Article

Phenobarbital-Responsive Nuclear Translocation of the Receptor CAR in Induction of the CYP2B Gene

Pharmacogenetics Section, Laboratory of Reproductive and Developmental Toxicology, National Institute of Environmental Health Sciences, National Institutes of Health, Research Triangle Park, North Carolina 27709, USA.
Molecular and Cellular Biology (Impact Factor: 4.78). 10/1999; 19(9):6318-22. DOI: 10.1128/MCB.19.9.6318
Source: PubMed

ABSTRACT

The constitutively active receptor (CAR) transactivates a distal enhancer called the phenobarbital (PB)-responsive enhancer module (PBREM) found in PB-inducible
CYP2B
genes.
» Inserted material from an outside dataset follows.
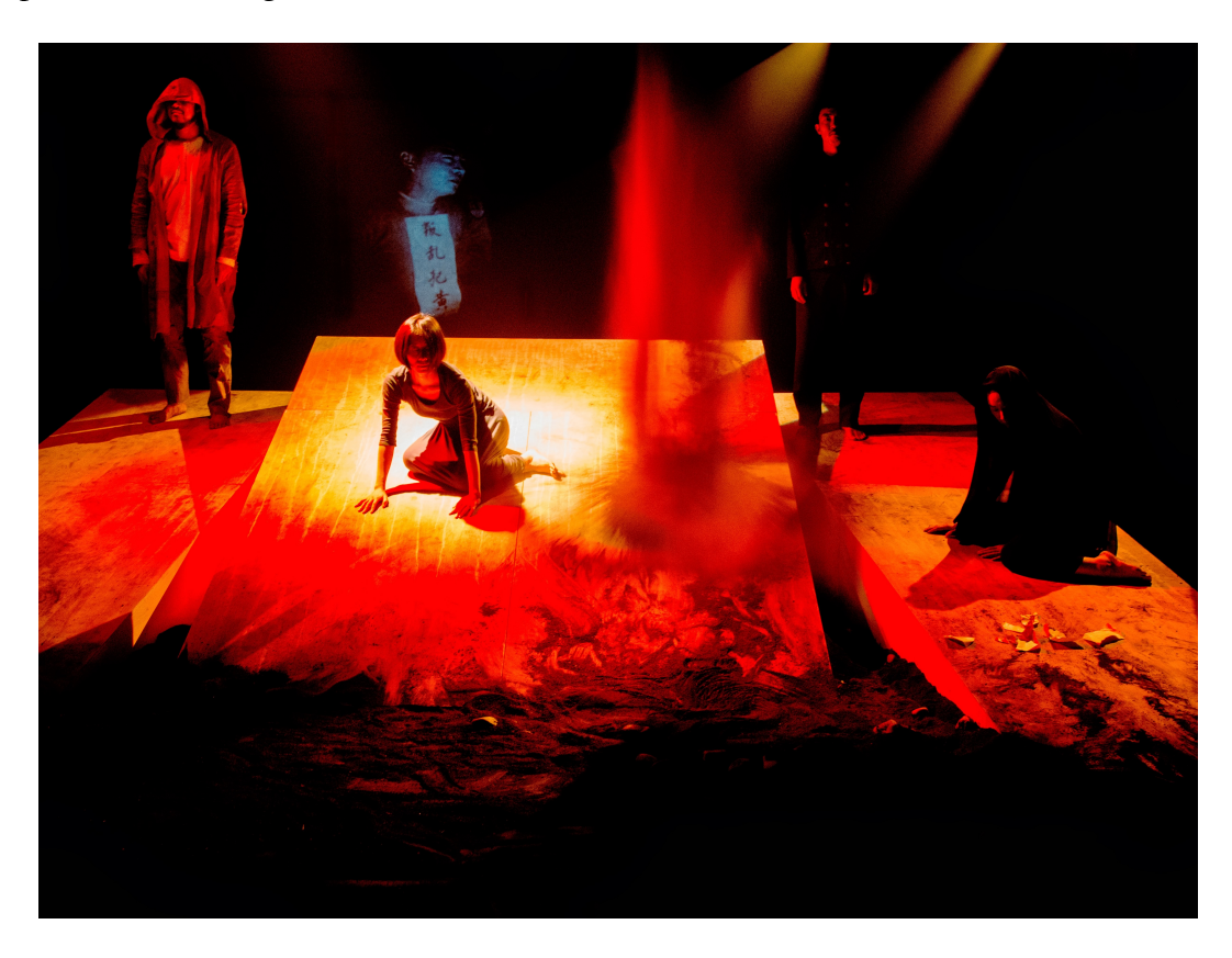
A scene in Antigone (photographed by Hsu Pin)

uncomfortable, as if they might get hurt by the objects rolling down on the rakes. Yet the images of the performers rolling on the rakes from the highest place to the floor like dead bodies falling down produce a thrilling ambience.

CAR dramatically increases its binding to PBREM in livers of PB-treated mice. We have investigated the cellular mechanism of PB-induced increase of CAR binding. Western blot analyses of mouse livers revealed an extensive nuclear accumulation of CAR following PB treatment. Nuclear contents of CAR perfectly correlate with an increase of CAR binding to PBREM. PB-elicited nuclear accumulation of CAR appears to be a general step regulating the induction of
CYP2B
genes, since treatments with other PB-type inducers result in the same nuclear accumulation of CAR. Both immunoprecipitation and immunohistochemistry studies show cytoplasmic localization of CAR in the livers of nontreated mice, indicating that CAR translocates into nuclei following PB treatment. Nuclear translocation of CAR also occurs in mouse primary hepatocytes but not in hepatocytes treated with the protein phosphatase inhibitor okadaic acid. Thus, the CAR-mediated transactivation of PBREM in vivo becomes PB responsive through an okadaic acid-sensitive nuclear translocation process.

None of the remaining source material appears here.